The shelter, which is in the geographical centre of Brooklyn, though not in the centre of the population, is clean, convenient, airy, and spacious, although it is only a temporary wooden structure, which, it is hoped, will soon be replaced with a larger, better-constructed building worthy of the city. The present building was formerly a car stable, used by the Brooklyn Heights Railroad Company, when its cars were drawn by horses. The society expresses its gratitude to the President of the company, Clinton L. Rossiter, and the Treasurer, Col, T. T. Williams, for their assistance in making arrangements for the shelter.
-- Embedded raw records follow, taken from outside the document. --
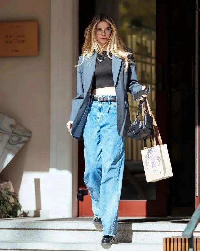 再加上蓝色牛仔阔腿裤,整个造型看起来既有型又不乏休闲。
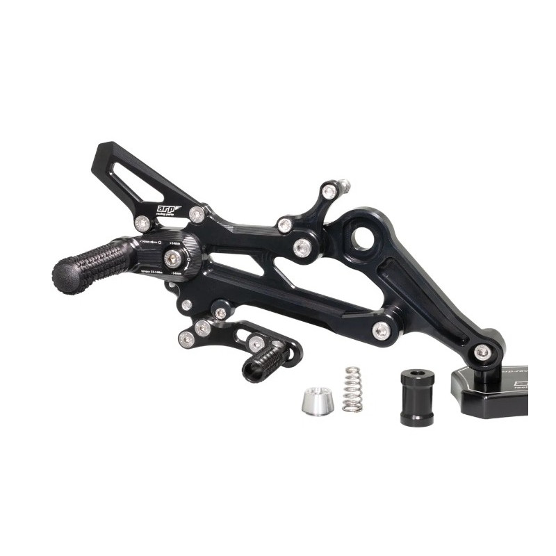Les commandes reculées ARP Racing Parts RXA07O-SBF sont un must pour les motards exigeants qui veulent gagner en contrôle, en ergonomie et en performance. Fabriquées en aluminium billet EN AW-7075 T6, ces rear sets offrent une résistance et une rigidité supérieures aux pièces OEM, tout en améliorant le feedback et la précision de pilotage, même dans des conditions extrêmes. Conçues avec une esthétique racing et un fini anodisé dur, elles protègent aussi contre les rayures et l’usure du temps.
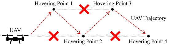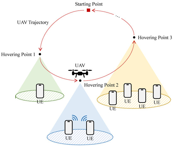 The UAV is assumed to collect data from the UEs when hovering, and there is no data transmission between the UAV and the UEs during flight. This assumption was made due to the challenges in maintaining stable and efficient data collection from multiple UEs. In related research where data is collected from a single UE at one time, it is relatively simple to establish and maintain the communication link between the UAV and the UE. However, when multiple UEs are involved, the movement of the UAV causes frequent changes in coverage area, leading to intermittent and potentially inefficient data collection. Therefore, this assumption allows us to simplify the system and ensure more reliable communication between the UAV and multiple UEs.
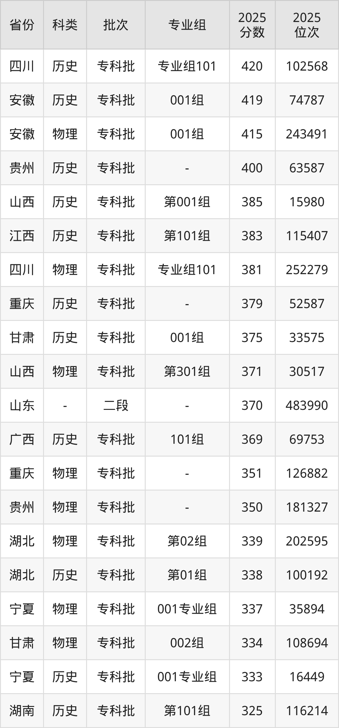 物理类最低分为385分,对应最低位次为304225名;历史类最低分为391分,对应最低位次为128342名。各分数及位次详情见下表:
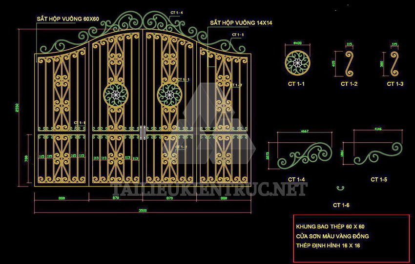 Bản vẽ hiển thị một thiết kế cổng tường rào với các chi tiết cụ thể về cấu trúc và trang trí. Hình ảnh đầu tiên cho thấy một cổng lớn với các mẫu hoa văn tinh tế, sử dụng chất liệu sắt hộp có kích thước 60x60 và 14x14. Màu sơn vàng đồng tạo nên vẻ ngoài sang trọng và bắt mắt. Các yếu tố hoa văn được thiết kế độc đáo, tạo điểm nhấn mạnh mẽ cho tổng thể công trình.
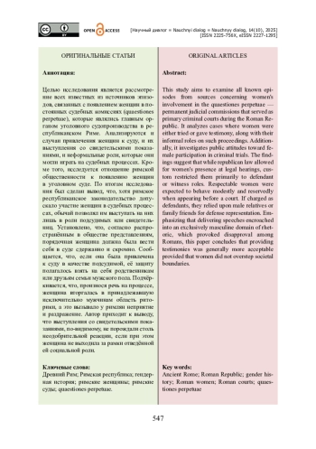 Целью исследования является рассмотрение всех известных из источников эпизодов, связанных с появлением женщин в постоянных судебных комиссиях (quaestiones perpetuae), которые являлись главным органом уголовного судопроизводства в республиканском Риме. Анализируются и случаи привлечения женщин к суду, и их выступления со свидетельскими показаниями, и неформальные роли, которые они могли играть на судебных процессах. Кроме того, исследуется отношение римской общественности к появлению женщин в уголовном суде. По итогам исследования был сделан вывод, что, хотя римское республиканское законодательство допускало участие женщин в судебных процессах, обычай позволял им выступать на них лишь в роли подсудимых или свидетельниц. Установлено, что, согласно распространённым в обществе представлениям, порядочная женщина должна была вести себя в суде сдержанно и скромно. Сообщается, что, если она была привлечена к суду в качестве подсудимой, её защиту полагалось взять на себя родственникам или друзьям семьи мужского пола. Подчёркивается, что, произнося речь на процессе, женщина вторгалась в принадлежавшую исключительно мужчинам область риторики, а это вызывало у римлян неприятие и раздражение. Автор приходит к выводу, что выступления со свидетельскими показаниями, по-видимому, не порождали столь неодобрительной реакции, если при этом женщина не выходила за рамки отведённой ей социальной роли.
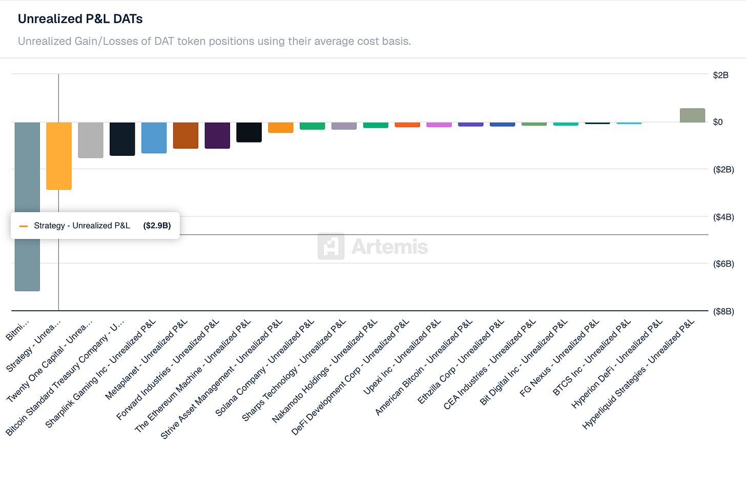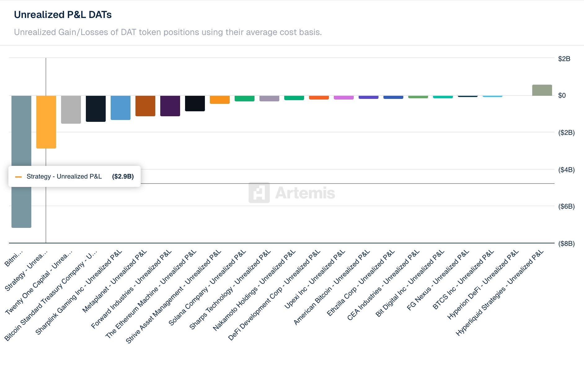 Not yet, at current prices. Strategy is sitting on approximately -$2.9B in unrealized losses against its blended cost basis. Most of the DAT cohort accumulated heavily during BTC’s $80K–$100K+ run in late 2025, meaning the majority are currently offside. The ceasefire rally this week provided partial relief, but a sustained break above $80K is what most of these balance sheets need to return to breakeven.

Inside the building is, first of all, a large, pleasant office, whose most conspicuous feature is a large map of Brooklyn. The sounds that greet the ears of the visitor leave no manner of doubt as to the majority of its inhabitants. There are prolonged howls and barks running up and down the scale and graduating from the shrill falsetto of the smaller dogs to the deep bass of the larger ones, drowning entirely the weaker cries of the feline guests. From the office the door opens directly into the guest room, with the kennels on either side of the main corridor. The room is light, sunny, and well ventilated. At the right of the door is the heating and cooking apparatus, and the bins containing the

" The animals in my own kennels do not eat anything better than this,” said John P. Haines, the President of the American Society for the Prevention of Cruelty to Animals.

In one division is cornmeal: in another oatmeal, and in a third dog biscuits. The heating apparatus and two big boilers are opposite the bins. In one of the boilers is what appears to be a clean-looking mass of porridge,

" We take the bones and scraps and stew them half an hour," Mr. Haines goes on, “ then take half oatmeal and half corn or Indian meal, and strain it all together from one to one and a half hours. The people in our public institutions do not get anything better than that."

On one side of the main corridor are the large apartments for the dogs, and on the other the small, square kennels, with wire fronts and backs for the cats. The latter are arranged in tiers, two sets facing each other, the kennels in one alcove standing back to back with those in the next. The wire meshes allow conversation from kennel to kennel, if the many-voiced felines enjoy such amusement, while the air space between prevents too great familiarity should any of the guests happen to be in a vicious temper, All the kennels are zinc-lined.

The death chamber is the last room to be visited. Here the unclaimed animals are put to sleep. Illuminating gas is used, and in five seconds the subject in the air-tight compartment is under the influence, and in about thirty seconds unconscious. The time varies according to the vitality and size of the animals. Large animals with large lungs and great vitality are more quickly put to sleep than cats or puppies.

There were yesterday 168 dogs and 52 cats at the shelter, not counting the last arrivals in an ambulance. These ambulances are fine-looking wagons, ventilated on all sides and at top and bottom, zinc-lined and supplied with water. The cats are put into baskets. The ambulance men have trim brown bedford cord uniforms with nickel society buttons, badge, and emblem on the caps. One large and three small ambulances are kept with the six horses at 114 Lawrence Street.

Unlicensed dogs and cats without collars, and having the appearance of waifs, are taken to the shelter, where they may be reclaimed within forty-eight hours, after which time they are put to sleep. The former dog-catchers took 3,300 dogs last year. In less than a month’s work the society has taken half that number. A little leeway has been given to people so far, to allow them to take out their licenses, now that the law is to be rigidly enforced.

There is a handsome staghound at the shelter, a fine collie, a bull terrier and any number of dogs of all breeds and varieties, and cats galore. There are two families of kittens, so small that their eyes are not open yet, and black cats, gray cats, white cats and calico cats. Any of them not claimed may be had for the asking, andthe deposit of $3 to advance the humane work of the society.